[Task inputs]

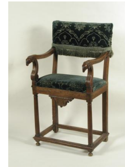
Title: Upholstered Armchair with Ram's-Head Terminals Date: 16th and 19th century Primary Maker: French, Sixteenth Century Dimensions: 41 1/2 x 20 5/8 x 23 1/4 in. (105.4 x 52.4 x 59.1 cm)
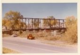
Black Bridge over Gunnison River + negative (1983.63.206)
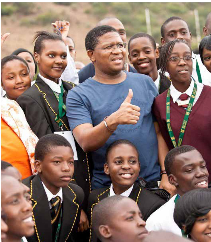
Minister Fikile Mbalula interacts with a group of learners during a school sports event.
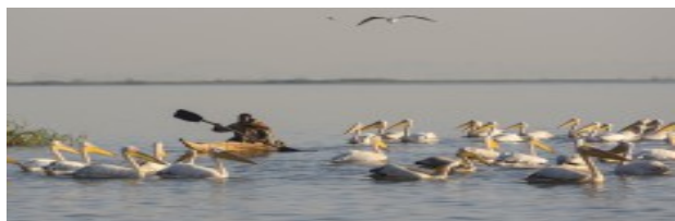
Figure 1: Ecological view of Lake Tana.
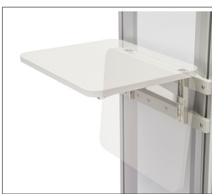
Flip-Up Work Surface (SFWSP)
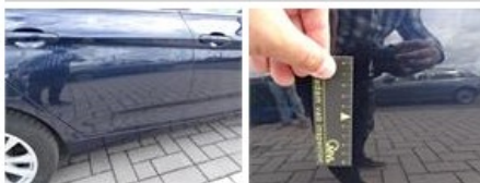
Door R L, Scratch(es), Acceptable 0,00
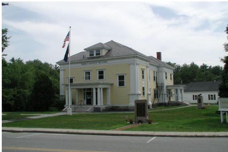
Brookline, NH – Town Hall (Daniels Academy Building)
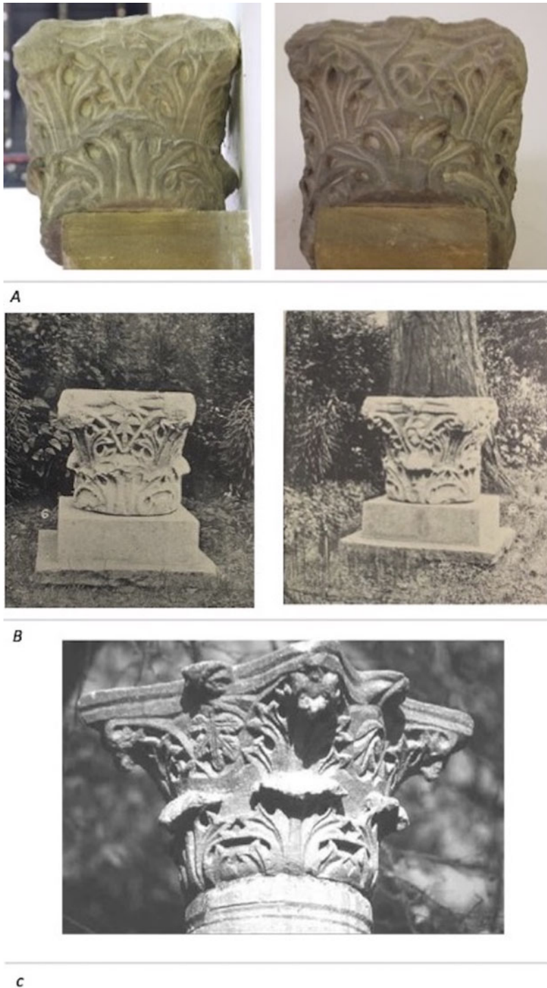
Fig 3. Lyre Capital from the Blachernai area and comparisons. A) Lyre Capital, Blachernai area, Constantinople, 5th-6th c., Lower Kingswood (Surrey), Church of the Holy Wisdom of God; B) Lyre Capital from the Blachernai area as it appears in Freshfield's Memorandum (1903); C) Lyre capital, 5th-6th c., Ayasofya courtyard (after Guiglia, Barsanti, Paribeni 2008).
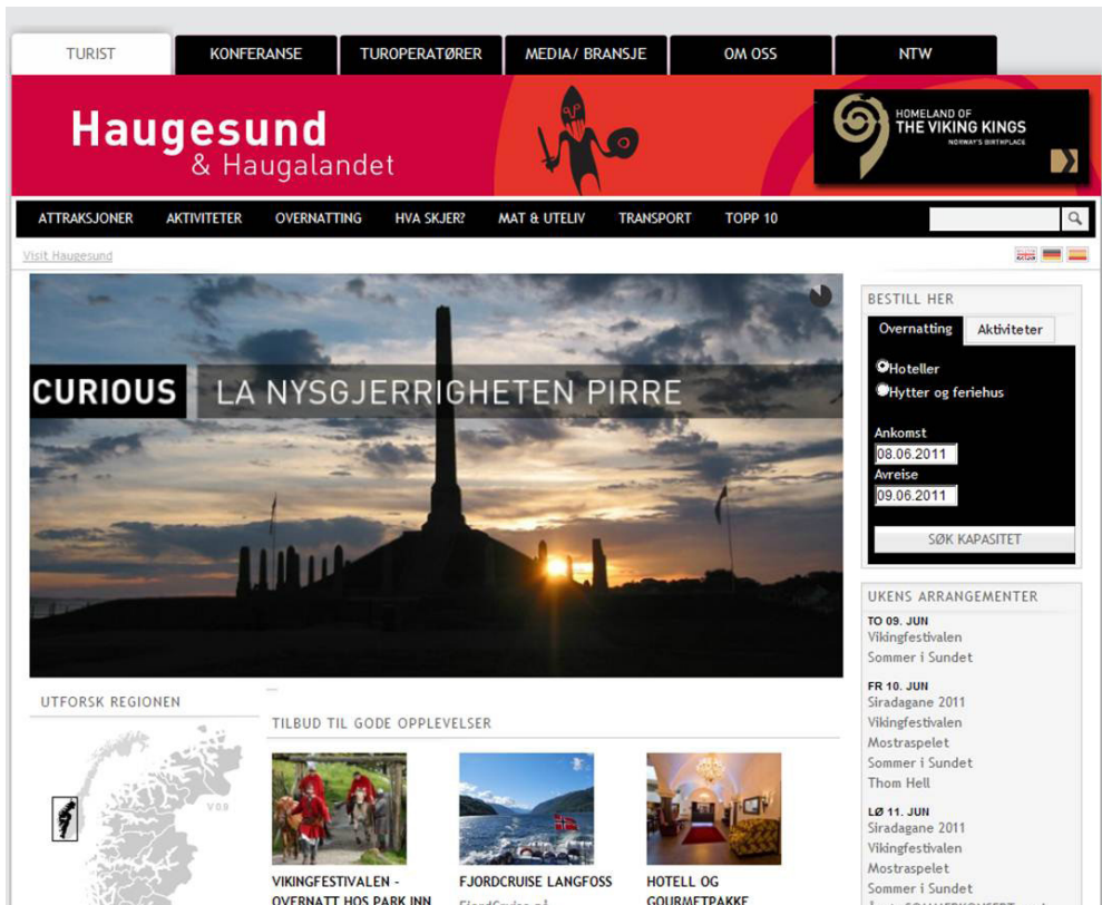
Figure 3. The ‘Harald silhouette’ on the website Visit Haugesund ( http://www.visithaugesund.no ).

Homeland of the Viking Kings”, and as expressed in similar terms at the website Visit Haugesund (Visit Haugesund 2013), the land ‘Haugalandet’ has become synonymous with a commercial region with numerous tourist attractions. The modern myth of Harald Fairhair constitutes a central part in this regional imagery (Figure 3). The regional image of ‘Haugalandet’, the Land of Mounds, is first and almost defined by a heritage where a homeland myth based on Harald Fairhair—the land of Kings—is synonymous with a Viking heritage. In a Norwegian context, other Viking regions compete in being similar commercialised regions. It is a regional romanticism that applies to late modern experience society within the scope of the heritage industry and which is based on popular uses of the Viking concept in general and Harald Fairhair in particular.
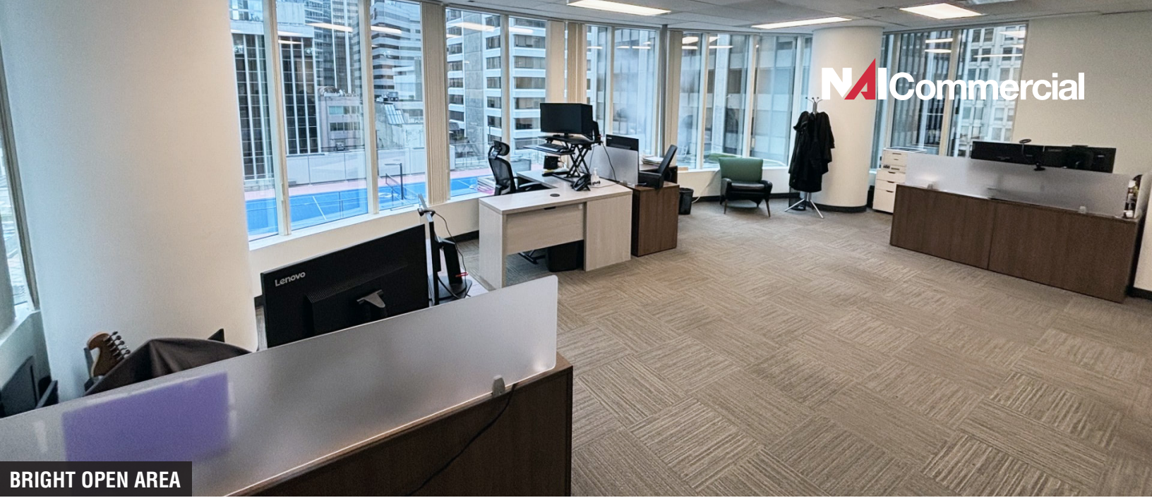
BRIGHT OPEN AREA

[/Task inputs]

◆ **Prompt**
Every line from the line containing "Figure 3. The" through the last line above is to be printed exactly. Pictures are not copied.

◆ **Task answer**
Figure 3. The ‘Harald silhouette’ on the website Visit Haugesund ( http://www.visithaugesund.no ).

Homeland of the Viking Kings”, and as expressed in similar terms at the website Visit Haugesund (Visit Haugesund 2013), the land ‘Haugalandet’ has become synonymous with a commercial region with numerous tourist attractions. The modern myth of Harald Fairhair constitutes a central part in this regional imagery (Figure 3). The regional image of ‘Haugalandet’, the Land of Mounds, is first and almost defined by a heritage where a homeland myth based on Harald Fairhair—the land of Kings—is synonymous with a Viking heritage. In a Norwegian context, other Viking regions compete in being similar commercialised regions. It is a regional romanticism that applies to late modern experience society within the scope of the heritage industry and which is based on popular uses of the Viking concept in general and Harald Fairhair in particular.
BRIGHT OPEN AREA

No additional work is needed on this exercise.